The ‘end of the beginning’ in the search for justice for Breonna Taylor
Following the British victory at El Alamein, Winston Churchill told the House of Commons: “Now, this is not the end. It is not even the beginning of the end. But it is, perhaps, the end of the beginning.”
As former prosecutors who are now colleagues and law professors, we penned an editorial last week expressing our view that the Louisville grand jury reached the right outcome when it declined to indict anyone for the tragic shooting death of Breanna Taylor. This was not, however, the end of the search to give meaning to her tragic loss of life. It is, instead, “the end of the beginning” of the important quest for justice.

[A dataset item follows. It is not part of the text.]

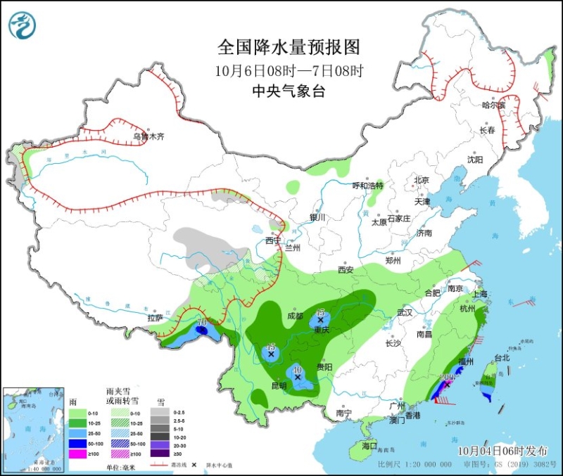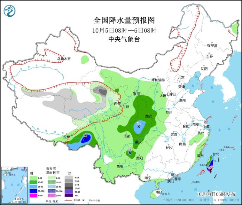 10月4日08時(shí)至5日08時(shí),新疆阿勒泰山區(qū)和南疆南部山區(qū)、西藏中西部、青海大部、甘肅西南部等地有小到中雪或雨夾雪,其中青海中南部部分地區(qū)有大到暴雪;臺(tái)灣島中東部有暴雨到大暴雨,局地特大暴雨(250-300毫米);甘肅中東部、陜西中南部、四川東北部、重慶大部、貴州北部、湖北西部等地有中到大雨,局地暴雨。內(nèi)蒙古中東部、東北地區(qū)大部等地部分地區(qū)有4~6級(jí)風(fēng)。

Breonna Taylor was, by all accounts, the innocent victim of a chaotic and violent situation that began when police executed a warrant focused on her ex-boyfriend. According to the public statement by Attorney General Daniel Cameron, because Taylor’s boyfriend shot the first officer to enter the apartment while executing that warrant, the grand jury found the two officers in the apartment were legally justified when they returned fire. And, because no expert was able to provide evidence to prove the deadly shot came from officer Brett Hankinson’s reckless spray of bullets, Taylor’s death could not be legally attributed to him.
But the insufficiency of evidence to meet the legal standard to justify a criminal homicide indictment against any of the officers does not mean that we shouldn’t be asking other critically important questions — questions that may very well reveal an urgent need to reconsider established legal principles.

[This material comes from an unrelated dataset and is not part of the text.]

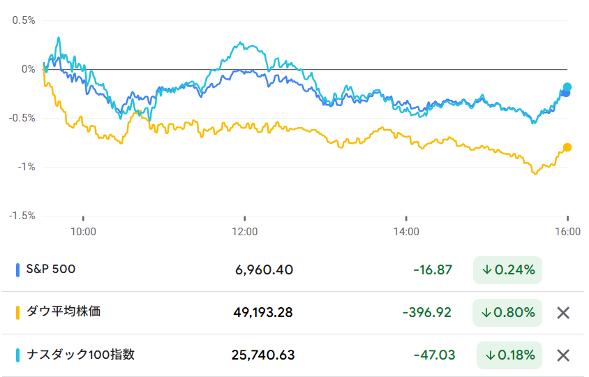 マグニフィセント7は3銘柄が上昇、4銘柄が下落。GOOGLが+1.11%と好調を維持、METAが▲1.70%、AMZNが▲1.57%、MSFTが▲1.36%と大きく下げています。

The first of these is, why is it so easy for police to obtain authorization for no-knock warrant execution? In 1996, the Supreme Court rejected a blanket authorization for such warrants for all drug offenses. But the court also held that the standard to justify such authorization was reasonable suspicion. This is an extremely low standard that, in practice, requires little “more than a feeling” that knocking and announcing will create an imminent danger or result in destruction of evidence.
Taylor’s death, which resulted from a surprised boyfriend acting in what he reasonably believed was self-defense, reveals why this standard is insufficiently lenient. No-knock warrants can have tragic consequences for civilians and officers. Indeed, in Texas, police officers have been shot and killed as they have entered homes to execute no-knock warrants. In one case, the homeowner faces a capital murder charge even though he asserts that he acted in self-defense. In the other case, a grand jury refused to indict after deciding his reaction was justified.

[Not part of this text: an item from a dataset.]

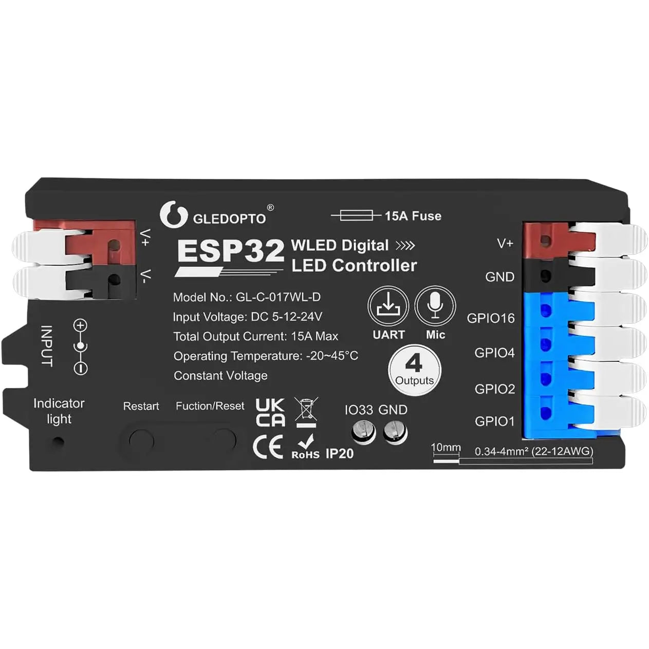 The Gledopto GL-C-017WL-D WLED Sound Reactive Addressable LED Strip Controller can control 4 independent LED strips. Includes a microphone for sound/music synchronised effects, quick release terminals for easy wiring. Supports most addressable LED strips 5V, 12V or 24V, for a total of 15A across all channels, or power led strips independently for more power.
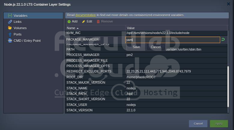 By default, NodeJS uses the npm package manager, but you can switch to yarn if needed. To do this, go to the container variables frame and set the PACKAGE_MANAGER value to either npm or yarn.

The mortal risks of no-knock warrants are too high to allow authorization based on such a low standard. What is needed from Congress and state legislatures are laws that increase that burden — requiring that police establish the necessity for no-knock execution by a much higher standard, perhaps clear and convincing information.
A closely related question is the time that police must wait between the “knock and announce” and forced entry. In another Supreme Court decision in 2003, the court held that 20 to 30 seconds was a reasonable interval. While the court indicated that each situation must be assessed on its own merits, the message seemed clear: Only a very brief interval is necessary.
It is deeply troubling that such a short interval is normally considered sufficient. Indeed, the officers who entered Breonna Taylor’s apartment apparently did knock and announce. But how likely is it that a loud knock on one’s front door in the middle of the night will lead the homeowner to sprint to the door to respond? Not very. Most people would be frightened and take several minutes to gather themselves and approach the door with great caution.
Like the standard for dispensing with the knock-and-announce requirement, lawmakers should take a hard look at the illogic of this rule and impose a more effective process of providing homeowners notice that gives a truly reasonable opportunity to respond to the police. Doing so could mitigate the risk of the type of violent confrontation that led to Taylor’s death.
There are other questions as well, including the quality of the tactical training provided to police to prepare them for such incidents, and whether and how drug laws have set the conditions for aggressive warrant execution. But what is essential is that we use this tragedy to lift the rock on the many legal and societal issues that converged on that night and resulted in the senseless death of a young woman. No, this is not the end; not by any means.